Arnold Bennett wrote that one of Rivers's most striking qualities was a "gift of co-ordinating apparently unrelated facts". This is a gift Barker shares, and the historical framework of the trilogy, far from being constricting, allows her to make all sorts of connections between social, sexual and political dissent, particularly in The Eye in the Door, which features the notorious "Cult of the Clitoris" libel case of 1918 and a soldier with the suggestively Forsterian name of Scudder. Fact and fiction are so skillfully interwoven that one is never sure where one ends and the other begins. What seems at first a relatively straightforward and tightly controlled narrative gradually and spectacularly unfurls in the reader's mind.
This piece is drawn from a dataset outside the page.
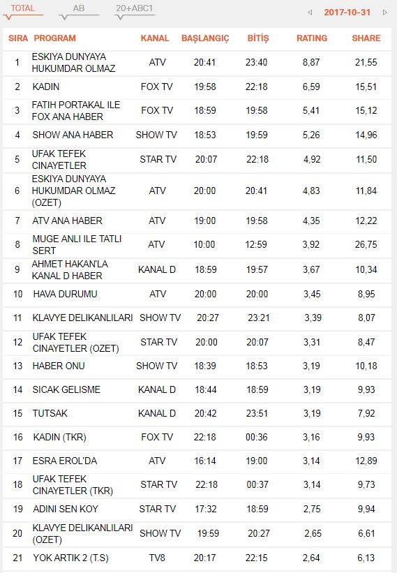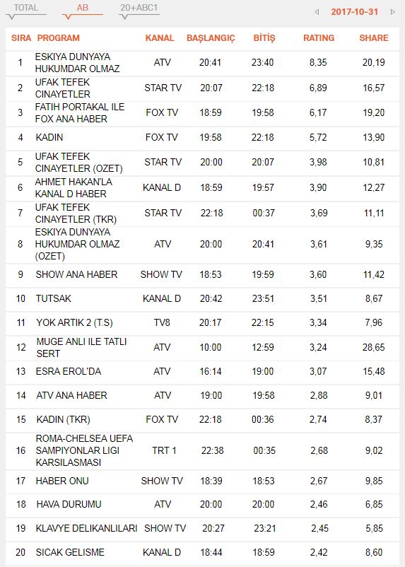 31 Ekim 2017 Salı günü reyting sonuçlarını, analizlerini ve daha fazlasını sitemizden takip edebilirsiniz…

The presentation of Sassoon and Rivers is wholly convincing, while Billy Prior, who carries with him a great deal of symbolic and representative freight, is never less than a fully realized character. Witty, alert and vibrantly alive, his sexuality uninhibited and unashamed, he is a positive life force amidst so much death and destruction, a point emphasized by graphic and extremely well-written descriptions of his couplings with both men and women. Prior is also valuable as a device for driving the narrative onwards. The difficulty with using historical figures is that the reader knows in advance how the story will end: as The Ghost Road moves towards its bloody conclusion at the Sambre-Oise Canal in November 1918, we are only too aware of what will happen to Owen—dispatched here in a sentence—but we do not know, though by now we genuinely care, what will happen to Prior.
The Ghost Road is a startlingly good novel in its own right. With the other two volumes of the trilogy, it forms one of the richest and most rewarding works of fiction of recent times. Intricately plotted, beautifully written, skillfully assembled, tender, horrifying and funny, it lives on in the imagination, like the war it so imaginatively and so intelligently explores.